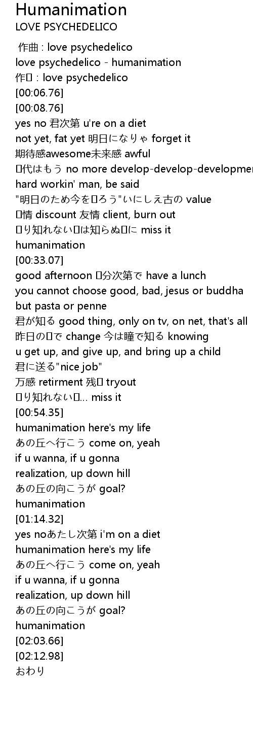 | [00:00.00] | love psychedelico - humanimation |
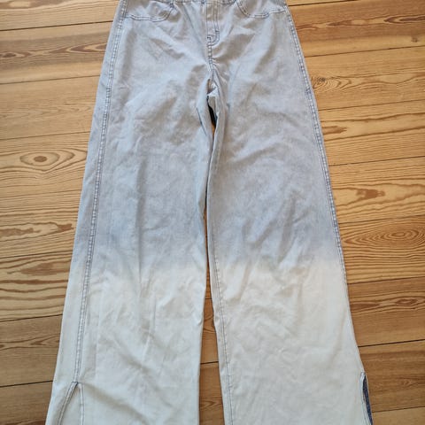 H&M jeans til pige i str. 152. Bukserne er i blå denim af bomuld med let slid-effekt. Modellen har bootcut-ben og justerbar talje med lav taljehøjde. Velegnet som hverdagsbukser til større børn i alderen ca. 11-12 år, afhængigt af barnets højde.
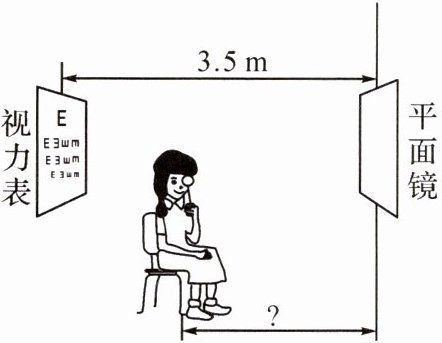 9. 视力检测时要求被测的人与视力表的距离为5m。如图所示,视力表与平面镜的距离是3.5m,为满足检测要求,人与平面镜的距离应为(
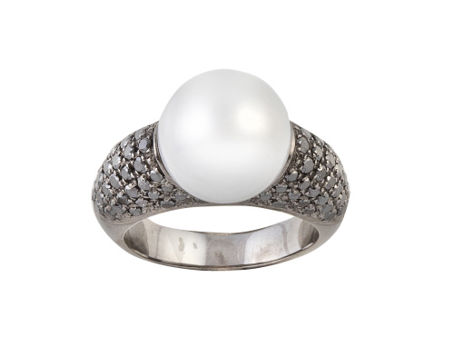 236. Sortija con perla central en montura cuajada de brillantes negros
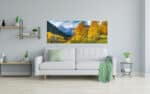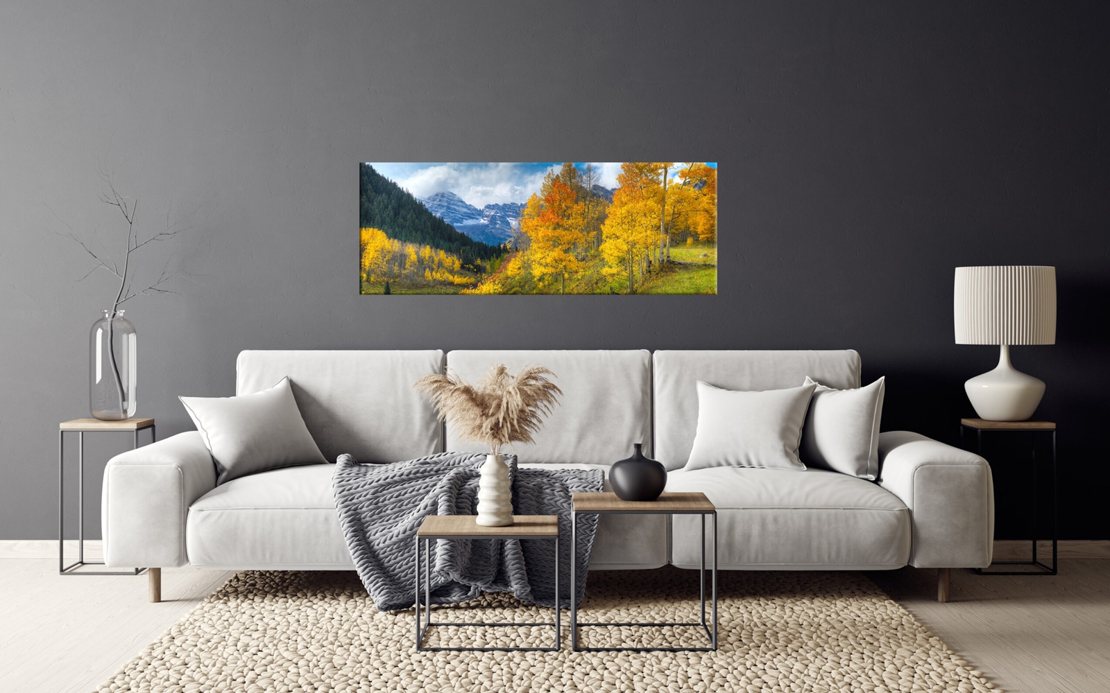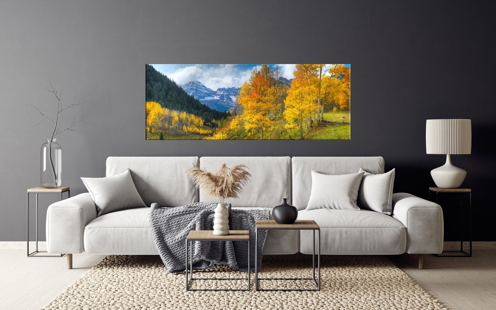 A panoramic landscape photo art of a mountain range with layers of yellow aspen trees in fall color in the foreground.
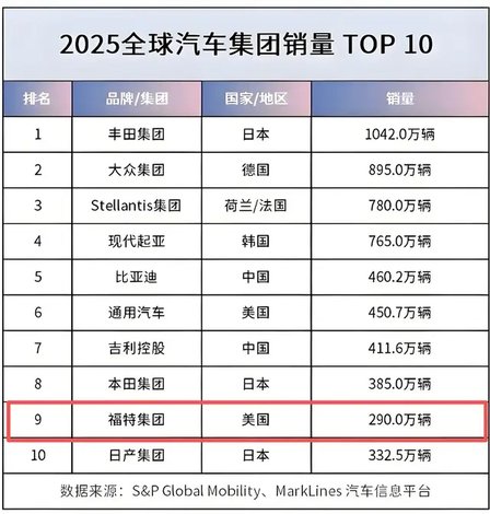 把福特跟马自达相比,确实有点小看福特了。福特汽车集团一度以400万+的销量位居全球前六,2025年即使掉至290万辆,仍然位居全球第九。
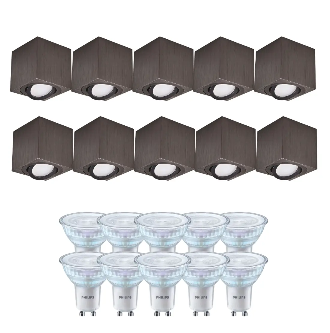Denne pakke indeholder 10 stk. sorte firkantede påbygningsspots og dæmpbare Gu10 3000K lyskilder. Du kan med dette spot kippe fronten med op til 15°, så du kan retningsbestemme lyset. Spottet i denne pakke er perfekt til de steder, hvor du ikke har plads over loftet til at montere indbygningsspots. Inkluderet i pakken sammen med påbygningsspottet er også 10 stk. dæmpbare Philips Master LED Gu10 pærer som yder 365lm med et forbrug på 3,7W.
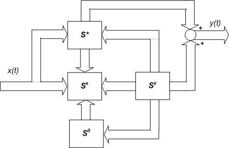 Рис. 2.14. Подсистемы: S* – управляемая и наблюдаемая; Sx –управляемая, но ненаблюдаемая; Sy – наблюдаемая, но неуправляемая; S0 – неуправляемая и ненаблюдаемая Требование управляемости и наблюдаемости всей системы состоит в том, чтобы система содержала только подсистему S*. Однако, например, при проектировании, если не учесть остальные подсистемы Sx, Sy, S0, то можно прийти к выводу о нормальной работоспособности S*,в то время как в действительности система в целом не работоспособна. Так, если подсистема S0 содержит неустойчивые частоты, то возбуждение этих частот при нулевых начальных условиях приведет к неустойчивости выхода. То же касается и подсистем Sx и Sy.
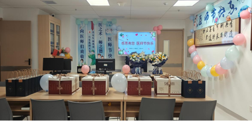 曙光初现,当第一缕阳光轻轻洒落,我们的护士团队已经忙碌起来,为医师节准备了一场小小的惊喜。科室的小课室内,前一晚精心布置的横幅和气球在晨光中显得格外生动,课桌上的鲜花和礼物,以及那香气四溢的蛋糕,都在静静地等待着医师们的到来。
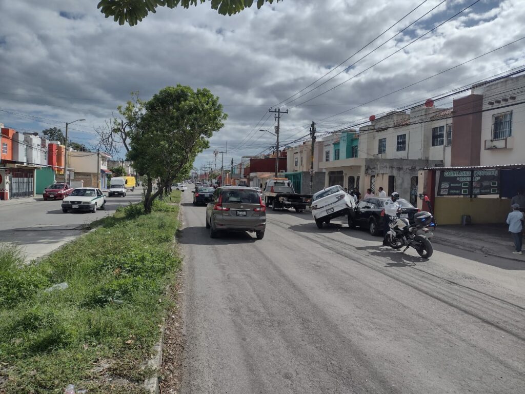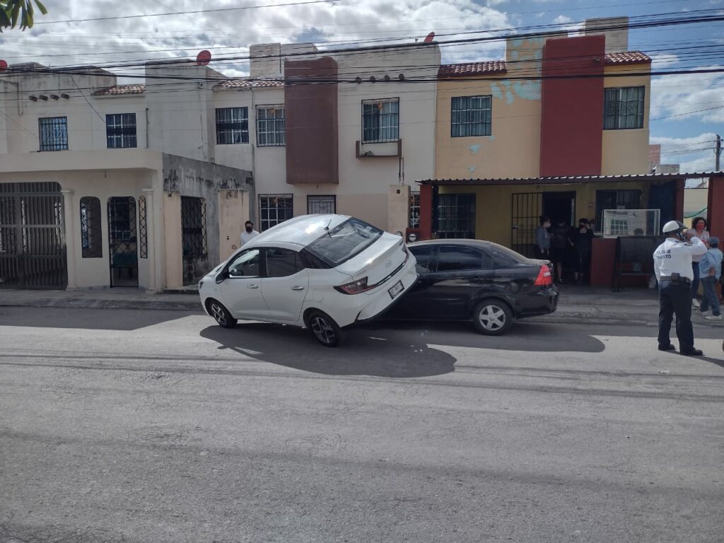 Al avanzar por la Kabah, entre Tules y el Periférico, este conductor al parecer perdió el control, al grado de chocar contra un coche estacionado, un Aveo negro, con el que terminó aplastando con su neumático delantero derecho.

• _WHAT IS BEING ASKED_
Print all the records again exactly; do not include any picture.

• _EXERCISE ANSWER_
 | [00:00.00] | love psychedelico - humanimation |
 H&M jeans til pige i str. 152. Bukserne er i blå denim af bomuld med let slid-effekt. Modellen har bootcut-ben og justerbar talje med lav taljehøjde. Velegnet som hverdagsbukser til større børn i alderen ca. 11-12 år, afhængigt af barnets højde.
 9. 视力检测时要求被测的人与视力表的距离为5m。如图所示,视力表与平面镜的距离是3.5m,为满足检测要求,人与平面镜的距离应为(
 236. Sortija con perla central en montura cuajada de brillantes negros
 A panoramic landscape photo art of a mountain range with layers of yellow aspen trees in fall color in the foreground.
 把福特跟马自达相比,确实有点小看福特了。福特汽车集团一度以400万+的销量位居全球前六,2025年即使掉至290万辆,仍然位居全球第九。
Denne pakke indeholder 10 stk. sorte firkantede påbygningsspots og dæmpbare Gu10 3000K lyskilder. Du kan med dette spot kippe fronten med op til 15°, så du kan retningsbestemme lyset. Spottet i denne pakke er perfekt til de steder, hvor du ikke har plads over loftet til at montere indbygningsspots. Inkluderet i pakken sammen med påbygningsspottet er også 10 stk. dæmpbare Philips Master LED Gu10 pærer som yder 365lm med et forbrug på 3,7W.
 Рис. 2.14. Подсистемы: S* – управляемая и наблюдаемая; Sx –управляемая, но ненаблюдаемая; Sy – наблюдаемая, но неуправляемая; S0 – неуправляемая и ненаблюдаемая Требование управляемости и наблюдаемости всей системы состоит в том, чтобы система содержала только подсистему S*. Однако, например, при проектировании, если не учесть остальные подсистемы Sx, Sy, S0, то можно прийти к выводу о нормальной работоспособности S*,в то время как в действительности система в целом не работоспособна. Так, если подсистема S0 содержит неустойчивые частоты, то возбуждение этих частот при нулевых начальных условиях приведет к неустойчивости выхода. То же касается и подсистем Sx и Sy.
 曙光初现,当第一缕阳光轻轻洒落,我们的护士团队已经忙碌起来,为医师节准备了一场小小的惊喜。科室的小课室内,前一晚精心布置的横幅和气球在晨光中显得格外生动,课桌上的鲜花和礼物,以及那香气四溢的蛋糕,都在静静地等待着医师们的到来。
 Al avanzar por la Kabah, entre Tules y el Periférico, este conductor al parecer perdió el control, al grado de chocar contra un coche estacionado, un Aveo negro, con el que terminó aplastando con su neumático delantero derecho.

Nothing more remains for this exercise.